Ashley Rollins is just a small-town country girl. Born and raised in Alabama, she has always been a little different.
She loved the great outdoors and seemed to have more guy friends than girl friends. Even as a child, she played football and was a self-proclaimed tomboy.
Now, as a God-fearing wife and mother of two, Rollins says not much has changed. In fact, she's working in a "man's world" as a taxidermist and makes no bones about it.
"Even some of my guy friends thinks it's gross but it's not and I really love it," Rollins said.
Just two years ago, Rollins opened Meadows Taxidermy in Randolph County. She had to go to a weeklong school in Pensacola to get started, but she said the love for what she does started way back in those younger years when her mom used to take her hunting as a small child.
"If we ever shot stuff, I would always try to do little skull mounts," Rollins remembered. "I always liked the idea but I never thought I would end up doing it. Then one day someone asked me if I did taxidermy because I did the skulls and being at home with the kids, I was able to dive into it. I love it."
Rollins takes her time crafting detailed and unique plaques and habitats for her mounts. She has even competed in competitions and plans to do more.
"Some people tell me what they want and some people tell me to do whatever I want to do," she said. "So, it's whatever they want. I have some favorite ones that I've done. I like doing the life-sized predators like a bobcat and I've done a coyote and a fox."
The motto for her business is "Give God the Glory." It's part of her logo and is on most of the photos she shares online.

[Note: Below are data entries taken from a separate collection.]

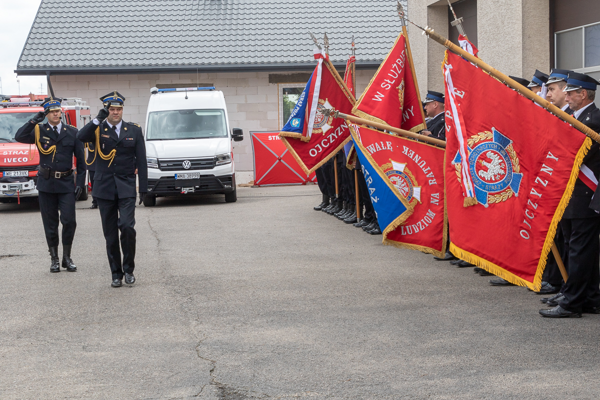 Uroczysty apel rozpoczął się od meldunku. – Panie nadbrygadierze, dowódca uroczystości st. kpt. Michał Kacprzycki melduje pododdziały Państwowej i Ochotniczej Straży Pożarnej do uroczystego apelu z okazji Powiatowego Dnia Strażaka – zameldował dowódca uroczystości. Meldunek przyjął zastępca Mazowieckiego Komendanta Wojewódzkiego PSP- bryg. Artur Gonera. Obydwaj oficerowie oddali honory sztandarowi i przy dźwiękach marsza generalskiego dokonali przeglądu pododdziałów.
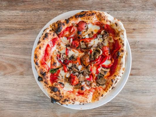 San Marzano Tomato Sugo, Fior Di Latte, Roasted Eggplant, Onions, Zucchini, Scamorza, Roasted Bell Peppers, Cherry Tomatoes
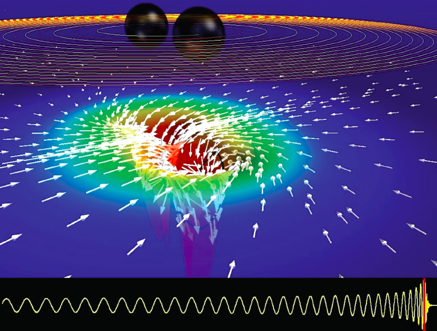 На рисунке выше изображен момент столкновения двух черных дыр. Как раз такое событие позволило ученым зафиксировать гравитационные волны. Эта модель построена для невращающихся черных дыр. Сверху: орбиты и тени дыр, вид из нашей Вселенной. Посередине: искривленное пространство и время, вид из балка (многомерного гиперпространства); стрелками показано, как пространство вовлекается в движение, а изменяющимися цветами — как искривляется время. Снизу: форма испускаемых гравитационных волн.
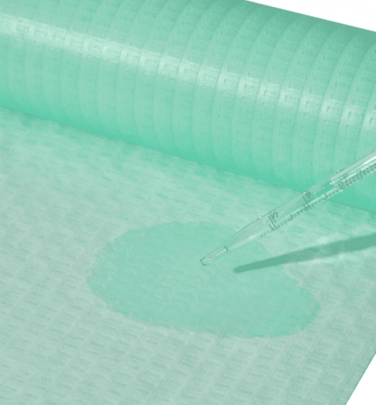 Tejido no tejido de PP+PE impermeable y resistente al desgarro, que garantiza la integridad estructural durante las exploraciones a pacientes y los procedimientos menores.
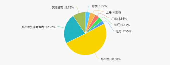 2017年畢業(yè)生在鄭州市工作的占到了50.38%,較2016年上升了1個百分點。在京廣滬江浙一帶工作學生比例為17.37%,較16年上升5個百分點。鄭州市外河南省內(nèi)的為22.52%,較16年下降了6個百分點。其它省市9.73%,較16年上升1個百分點。
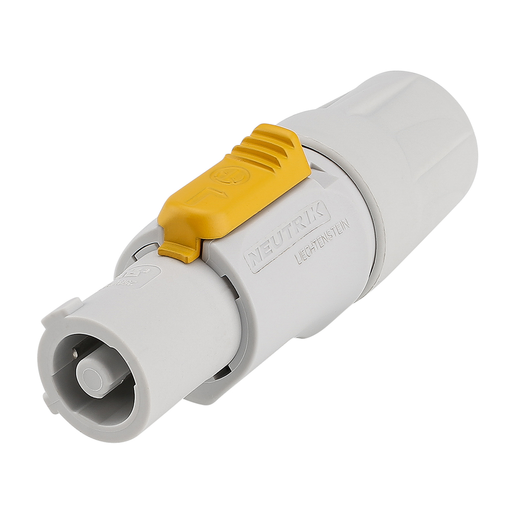 El powerCON es un conector de CA de 3 conductores de bloqueo con contactos para contacto de línea, neutro y pre-acoplamiento. Sustituye a los acopladores de electrodomésticos siempre que sea necesaria una solución muy robusta en combinación con un dispositivo de bloqueo para garantizar una conexión de alimentación segura
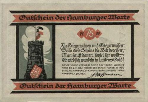 Банкнота 75 пфенігів 1921 року, Нотгельд, Гамбург (Hamburg), UNC
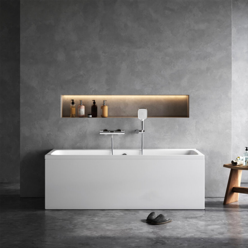 Коллекция Func — это не просто красивый внешний вид но и продуманные детали. Продукты Func создают стильное и комфортабельное пространство для жизни. Подчеркнутый оригинальный дизайн и практичная функциональность от дизайн-бюро DanelonMeroni (Великобритания / Италия). Широкий борт с одной стороны ванны добавляет дополнительное пространство для хранения. Теперь даже самое небольшое помещение может быть использовано оптимальным образом. Характерный дизайн: сочетание широкого борта с одной стороны с ультра-тонким бортом с другой стороны создает неповторимую квинтэссенцию стиля. А декоративная заглушка слива повторяющая форму самой ванны станет яркой деталью в интерьере. Разработанный совместно с ведущими терапевтами угол наклона спинки 125° обеспечивает оптимальную поддержку спины и максимальное погружение в воду. За счет низкой теплопроводности и теплоемкости акрила ванна поддерживает температуру набранной воды значительно дольше.
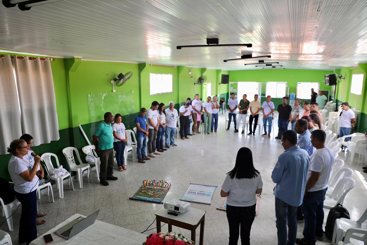 Cerca de 35 pessoas, entre representantes municipais, operadores de sistemas e lideranças comunitárias, participaram nesta quinta-feira (22), em Riachão do Jacuípe, da capacitação de agentes multiplicadores do Programa Água Doce Bahia (PAD-Bahia). A atividade reuniu representantes de comunidades dos municípios de Riachão do Jacuípe, Pé de Serra, Capela do Alto Alegre e Gavião, consolidando mais uma etapa do processo formativo que vem sendo realizado em diferentes regiões do estado.
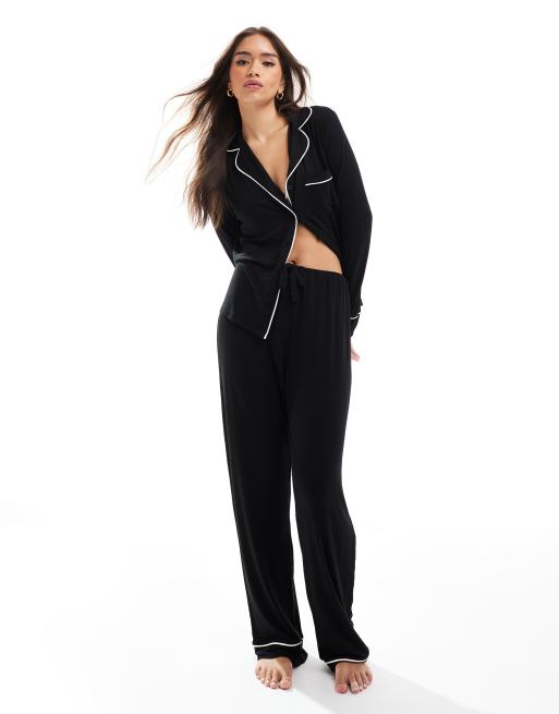 ASOS DESIGN - Zachte pyjamaset van overhemd met lange mouwen en broek in zwart met contrasterende biezen

"I just feel like we should give God the glory for everything that we are able to do and we do," Rollins told 1819 News. "I try to be thankful for everything and not take things for granted."
And thankful she is. Thankful for God's creations and her ability to give others memories to last a lifetime.
"I have a big heart for animals and I know it sounds weird but I like recreating that memory from their trophy," Rollins added. "I don't know why I enjoy it so much, I just do. And I haven't had any complaints. They seem pretty happy."
As a woman, Rollins said she has gotten a lot of support from the hunting community.
"I think for girls to do this there is more detail and I'm a perfectionist," she said. "Like, I have things that drive me crazy but people are like, 'it'll be fine."
As for younger generations, Rollins said she hopes to inspire other women to follow their dreams, no matter what.
"Do what makes you happy," Rollins added. "If it's what you want to do, go for it. I mean, I used to play football when I was little. I was a tomboy and now I'm doing what I love."